_Exercise data_
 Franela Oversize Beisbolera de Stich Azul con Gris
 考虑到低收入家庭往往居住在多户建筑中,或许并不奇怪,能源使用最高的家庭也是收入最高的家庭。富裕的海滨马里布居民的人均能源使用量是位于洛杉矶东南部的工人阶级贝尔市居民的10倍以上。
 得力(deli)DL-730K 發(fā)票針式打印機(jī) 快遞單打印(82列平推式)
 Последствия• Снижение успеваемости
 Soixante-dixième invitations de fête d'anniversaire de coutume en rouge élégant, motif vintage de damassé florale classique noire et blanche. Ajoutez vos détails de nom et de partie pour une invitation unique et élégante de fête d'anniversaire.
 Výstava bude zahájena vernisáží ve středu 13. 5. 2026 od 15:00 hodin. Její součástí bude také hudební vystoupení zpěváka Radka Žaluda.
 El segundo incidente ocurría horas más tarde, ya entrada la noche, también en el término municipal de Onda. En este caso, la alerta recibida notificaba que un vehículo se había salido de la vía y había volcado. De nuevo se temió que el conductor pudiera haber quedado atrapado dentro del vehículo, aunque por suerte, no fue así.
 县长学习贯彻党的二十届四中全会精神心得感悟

---

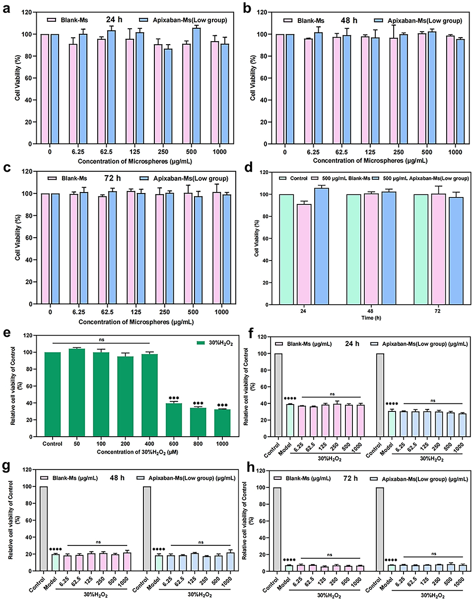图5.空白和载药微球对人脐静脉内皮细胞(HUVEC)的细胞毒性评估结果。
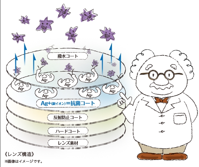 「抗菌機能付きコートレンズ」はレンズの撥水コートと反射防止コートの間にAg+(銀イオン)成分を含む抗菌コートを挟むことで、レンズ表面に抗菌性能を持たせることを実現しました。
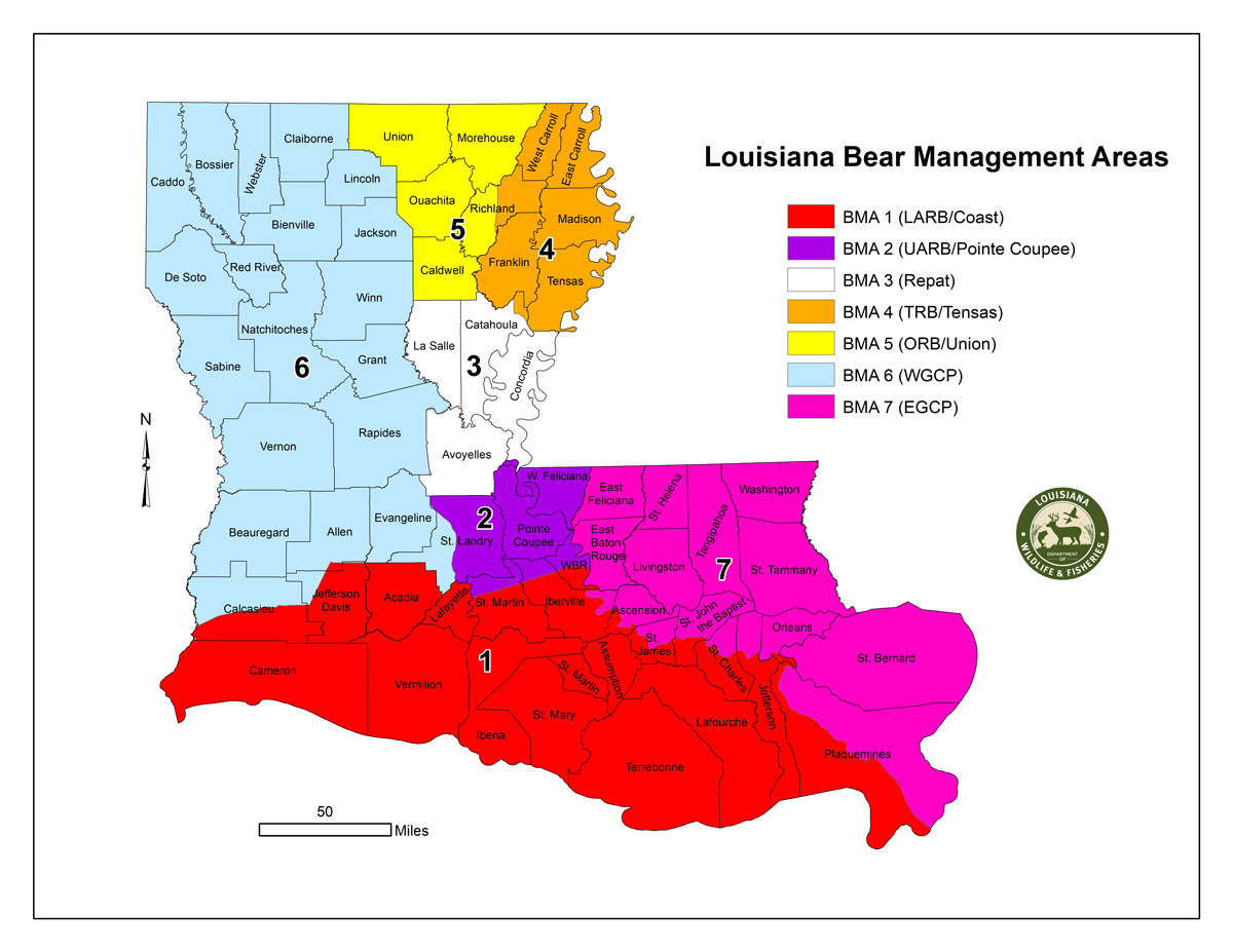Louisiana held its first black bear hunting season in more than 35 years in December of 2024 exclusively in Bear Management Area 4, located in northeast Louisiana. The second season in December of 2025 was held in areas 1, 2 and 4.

_What is expected_
Given the records above, return exactly the lines starting at the line containing "Franela Oversize Beisbolera" and ending at the line containing "Последствия• Снижение успеваемости", including both.

_Solution for this task_
 Franela Oversize Beisbolera de Stich Azul con Gris
 考虑到低收入家庭往往居住在多户建筑中,或许并不奇怪,能源使用最高的家庭也是收入最高的家庭。富裕的海滨马里布居民的人均能源使用量是位于洛杉矶东南部的工人阶级贝尔市居民的10倍以上。
 得力(deli)DL-730K 發(fā)票針式打印機(jī) 快遞單打印(82列平推式)
 Последствия• Снижение успеваемости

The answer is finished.